THU / June 1714:15-15:45GRASPING, CONTESTING, MANAGING AND USING WATERS

Larisa Kurtović (Ottawa)

Water in the Wake of a War

Lessons in Infrastructure in (Post)War Sarajevo

Infrastructures have played a powerful formative and pedagogical role not only because of their capacity to shape subjectivity and produce specific forms of community, but also because they are sites where certain kinds of social formations and subject positions can be unmade. In Bosnian capital city, Sarajevo, this dynamic was made most apparent during the 1992-95 Bosnian war, when pressures of survival necessitated that residents of war-torn zones develop new expectations, new attitudes, and new practices in response to the breakdown in infrastructural provisioning. Nevertheless, political lessons through and in infrastructure continue to be dealt out in peacetime, as water provisioning and other public things become sites of struggle for defining desirable forms of community, government, and the future itself.

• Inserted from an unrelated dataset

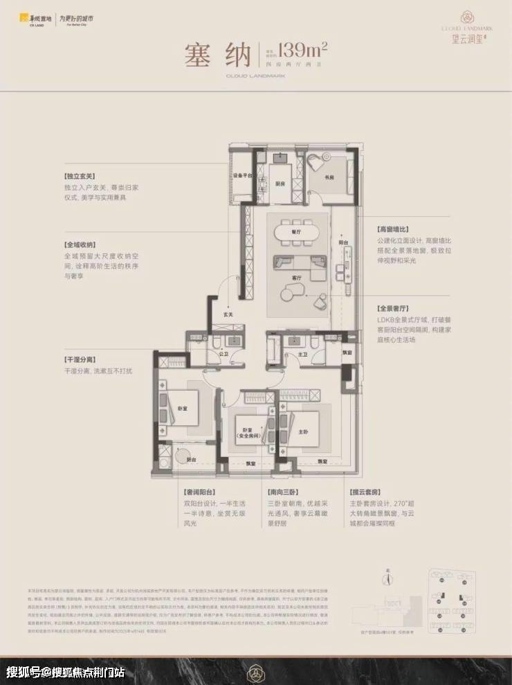 【奢阔面宽】约14米非凡面宽,奢阔南向四开间,舒展阳光奢居大境 【阔境阳台】南向约7米超大全景阳台,50%计容空间实现100%的无界体验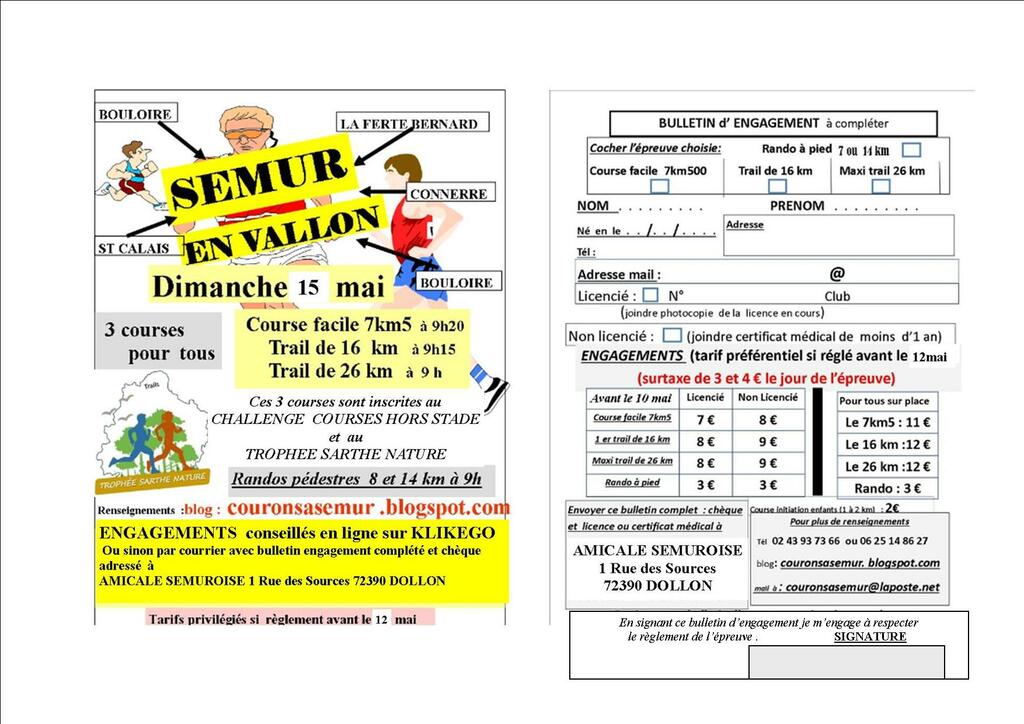 ( de 7 à 9 €) conseillés en ligne sur site KLIKEGO (date limite le 12 mai ) ou à la rigueur par voie postale à AMICALE SEMUROISE 1 rue des sources 72390 DOLLON , tél 0625148627.

In 2017, a crisis in water provisioning in the city made these political and historical tensions apparent, as residents of Sarajevo wrestled with protracted water cutoffs which reminded many of war. This paper asks: what mix of political histories, critical dispositions, and long-standing grievances makes water cut-offs in peacetime feel like war? And how is the political itself transformed by these distinct historical sensibilities and modalities of affect?